■ WHAT TO DO ■
A word-for-word copy of the lines below, starting at the line with "сообщила руководитель проекта." and ending at the last one, is what you should give. Omit every picture.

Stored items:
------

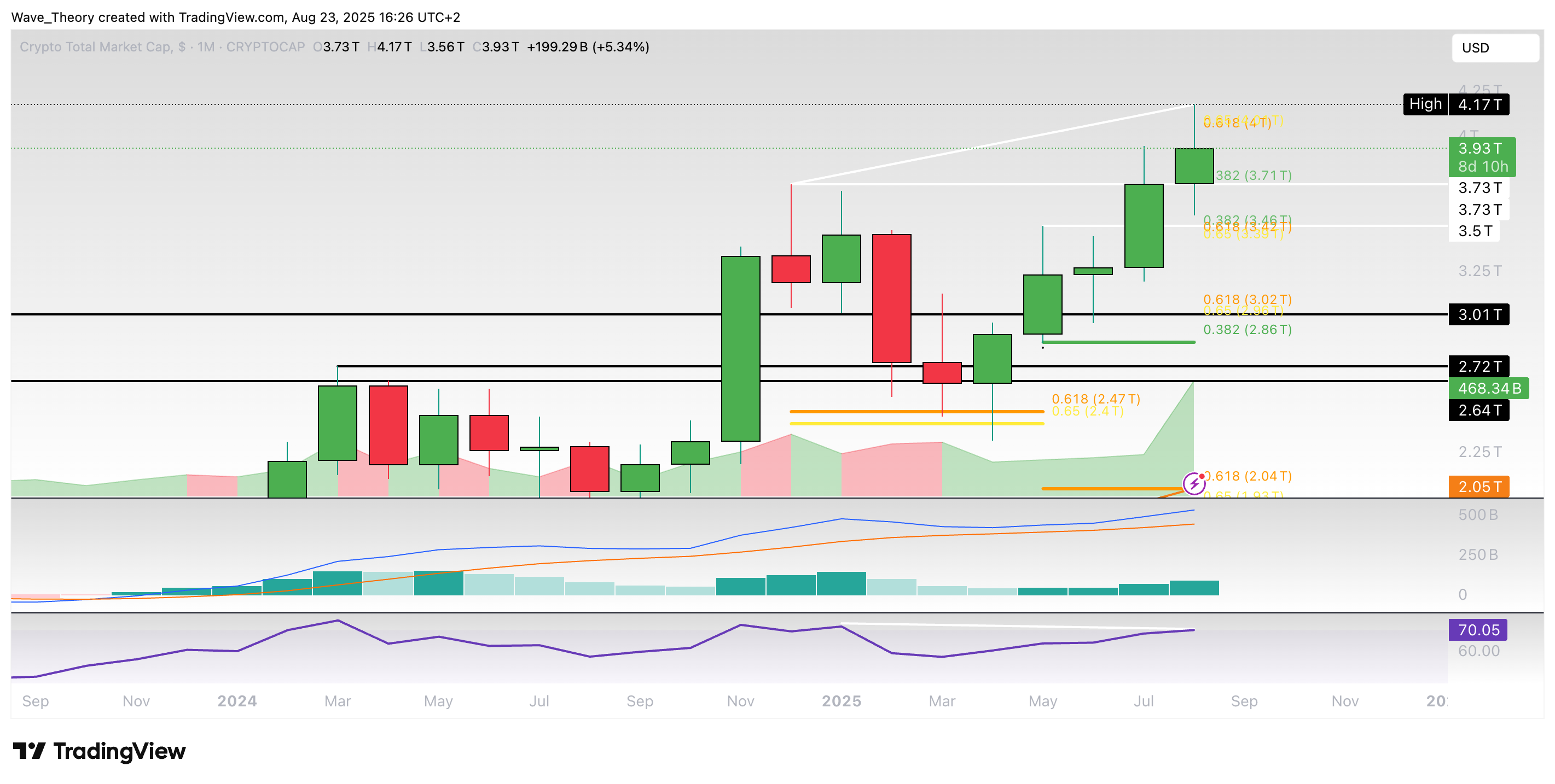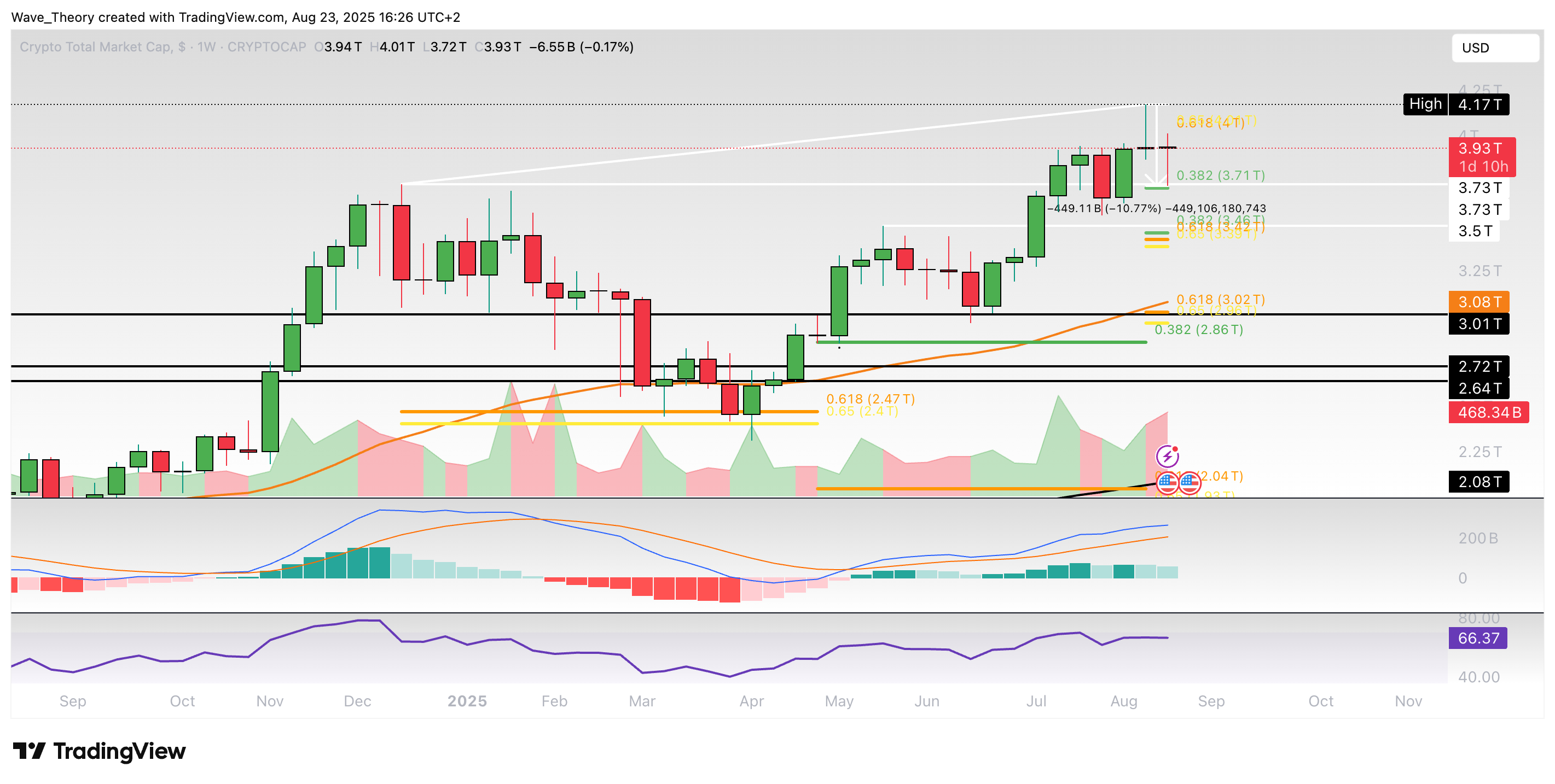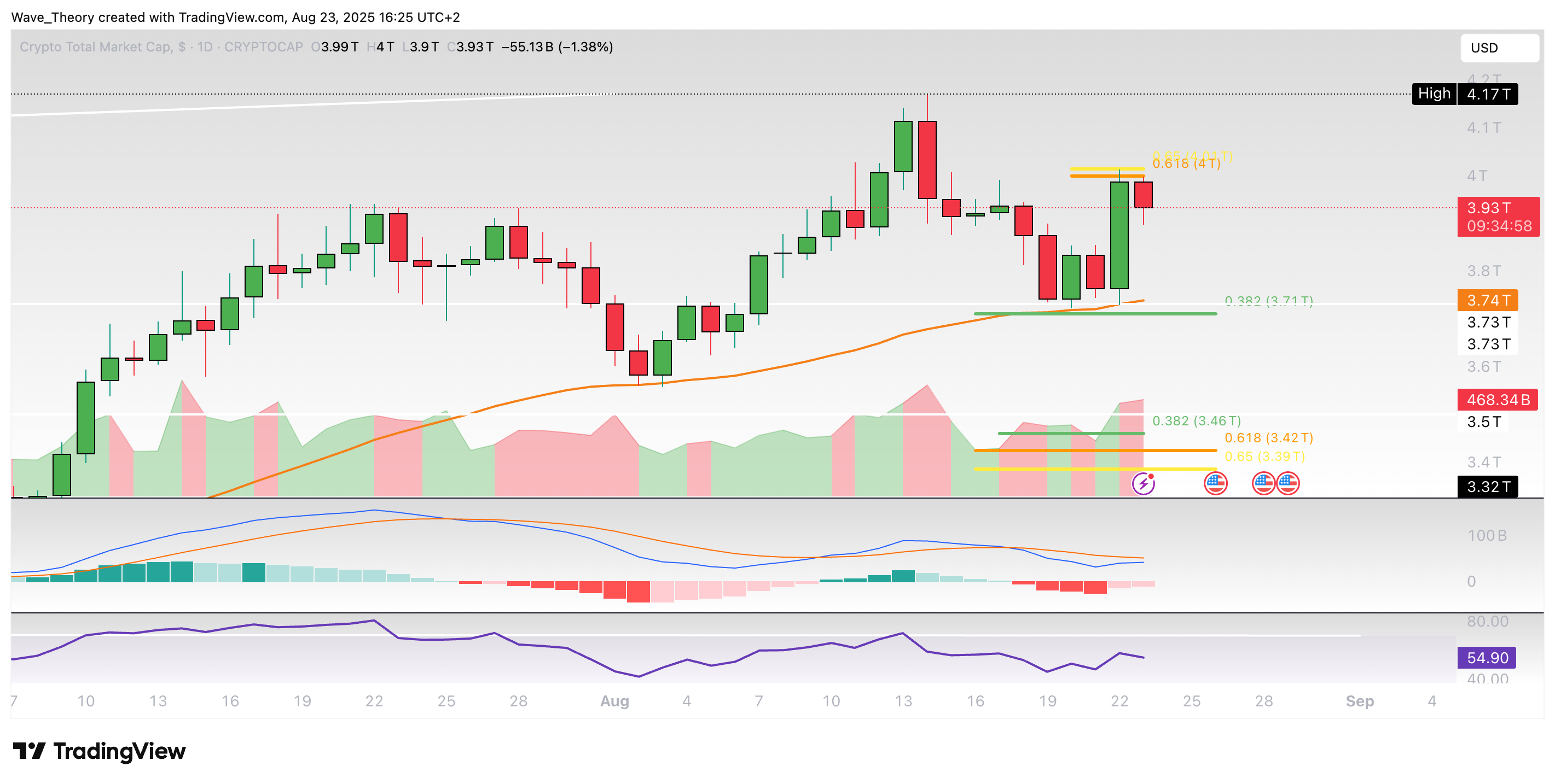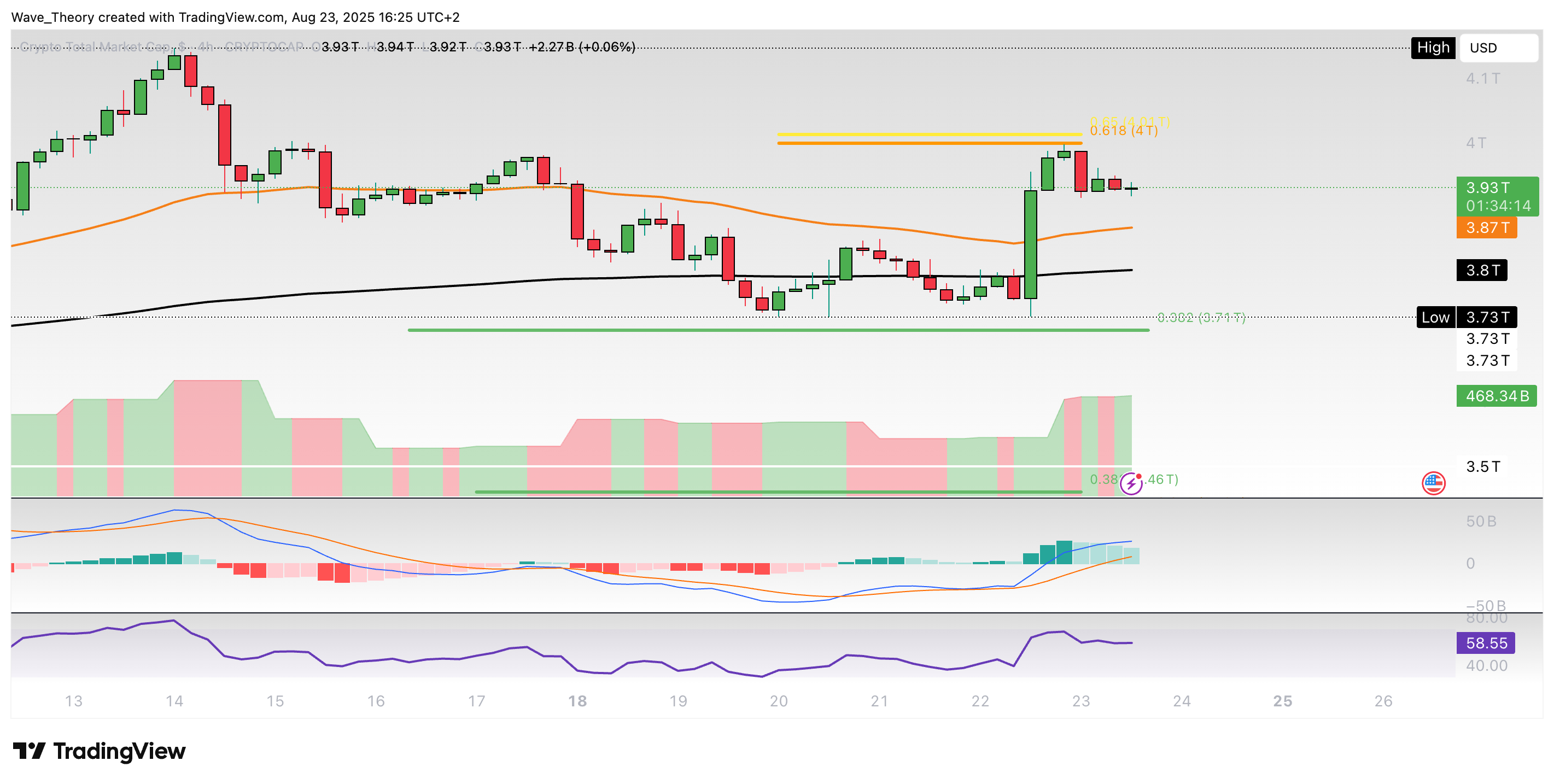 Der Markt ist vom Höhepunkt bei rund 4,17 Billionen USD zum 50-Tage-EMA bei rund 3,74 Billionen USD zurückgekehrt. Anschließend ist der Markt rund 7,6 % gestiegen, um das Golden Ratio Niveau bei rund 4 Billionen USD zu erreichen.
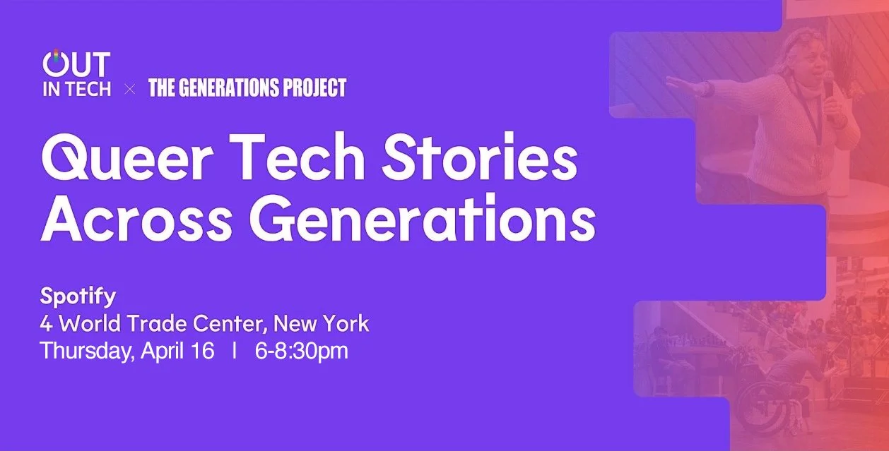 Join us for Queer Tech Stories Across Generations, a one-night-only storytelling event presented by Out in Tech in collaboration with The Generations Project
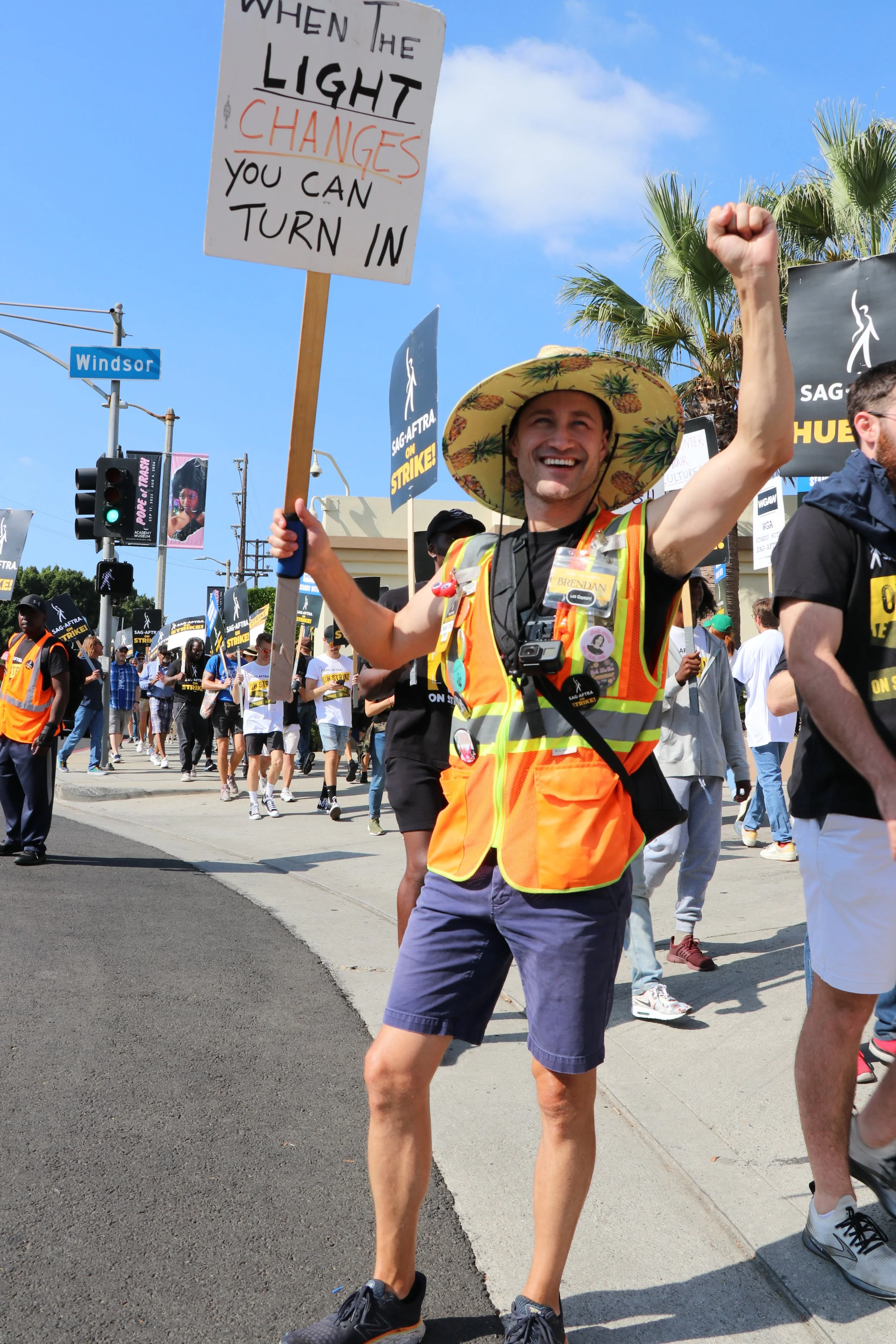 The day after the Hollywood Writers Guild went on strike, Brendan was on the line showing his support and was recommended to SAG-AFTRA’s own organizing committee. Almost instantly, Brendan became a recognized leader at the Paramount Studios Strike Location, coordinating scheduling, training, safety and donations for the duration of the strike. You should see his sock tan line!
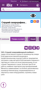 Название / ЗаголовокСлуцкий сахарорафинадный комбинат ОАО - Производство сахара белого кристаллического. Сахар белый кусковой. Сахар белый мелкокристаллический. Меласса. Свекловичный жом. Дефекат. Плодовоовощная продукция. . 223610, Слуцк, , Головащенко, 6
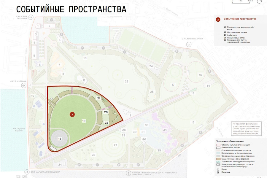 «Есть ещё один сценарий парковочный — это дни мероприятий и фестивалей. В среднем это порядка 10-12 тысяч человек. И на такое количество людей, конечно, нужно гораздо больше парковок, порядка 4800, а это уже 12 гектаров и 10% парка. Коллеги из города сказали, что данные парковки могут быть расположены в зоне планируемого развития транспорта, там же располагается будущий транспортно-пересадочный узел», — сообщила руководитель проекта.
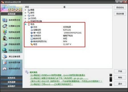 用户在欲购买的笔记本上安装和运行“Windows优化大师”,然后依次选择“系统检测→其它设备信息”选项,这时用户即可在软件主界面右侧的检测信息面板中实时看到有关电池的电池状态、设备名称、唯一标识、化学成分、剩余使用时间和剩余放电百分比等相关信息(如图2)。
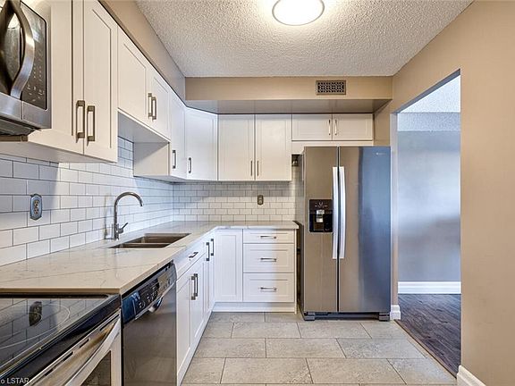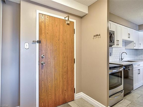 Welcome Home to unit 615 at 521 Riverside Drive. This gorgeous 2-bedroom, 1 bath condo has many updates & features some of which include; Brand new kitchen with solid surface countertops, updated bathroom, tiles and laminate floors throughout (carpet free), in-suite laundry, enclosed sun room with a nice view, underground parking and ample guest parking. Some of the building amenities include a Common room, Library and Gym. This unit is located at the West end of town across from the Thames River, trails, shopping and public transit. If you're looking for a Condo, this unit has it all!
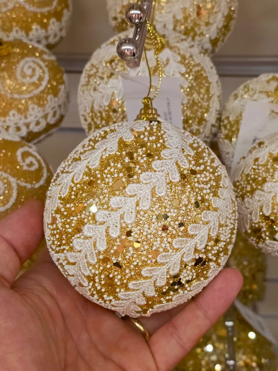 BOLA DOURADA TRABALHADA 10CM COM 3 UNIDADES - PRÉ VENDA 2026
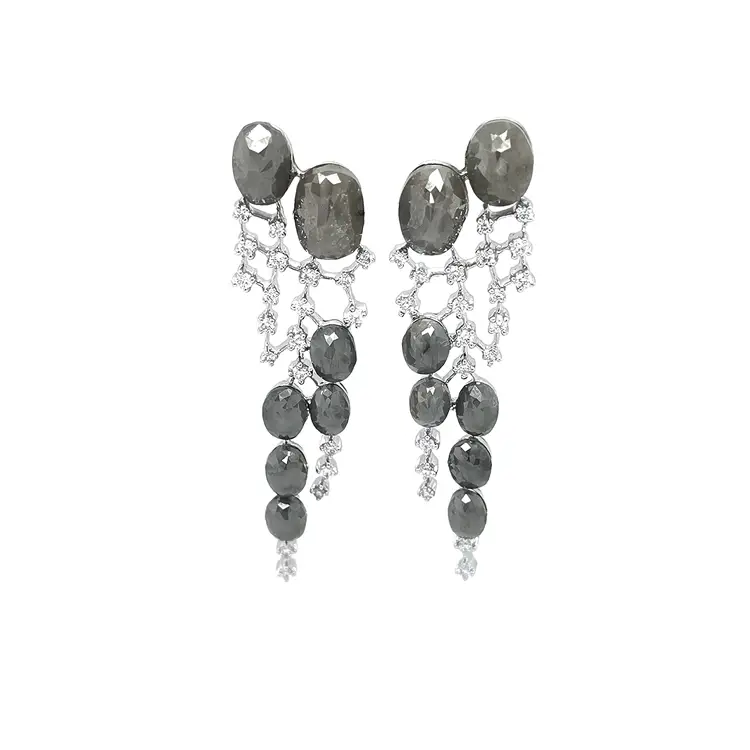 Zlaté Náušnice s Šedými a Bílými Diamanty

------

■ PROBLEM SOLUTION ■
 «Есть ещё один сценарий парковочный — это дни мероприятий и фестивалей. В среднем это порядка 10-12 тысяч человек. И на такое количество людей, конечно, нужно гораздо больше парковок, порядка 4800, а это уже 12 гектаров и 10% парка. Коллеги из города сказали, что данные парковки могут быть расположены в зоне планируемого развития транспорта, там же располагается будущий транспортно-пересадочный узел», — сообщила руководитель проекта.
 用户在欲购买的笔记本上安装和运行“Windows优化大师”,然后依次选择“系统检测→其它设备信息”选项,这时用户即可在软件主界面右侧的检测信息面板中实时看到有关电池的电池状态、设备名称、唯一标识、化学成分、剩余使用时间和剩余放电百分比等相关信息(如图2)。
 Welcome Home to unit 615 at 521 Riverside Drive. This gorgeous 2-bedroom, 1 bath condo has many updates & features some of which include; Brand new kitchen with solid surface countertops, updated bathroom, tiles and laminate floors throughout (carpet free), in-suite laundry, enclosed sun room with a nice view, underground parking and ample guest parking. Some of the building amenities include a Common room, Library and Gym. This unit is located at the West end of town across from the Thames River, trails, shopping and public transit. If you're looking for a Condo, this unit has it all!
 BOLA DOURADA TRABALHADA 10CM COM 3 UNIDADES - PRÉ VENDA 2026
 Zlaté Náušnice s Šedými a Bílými Diamanty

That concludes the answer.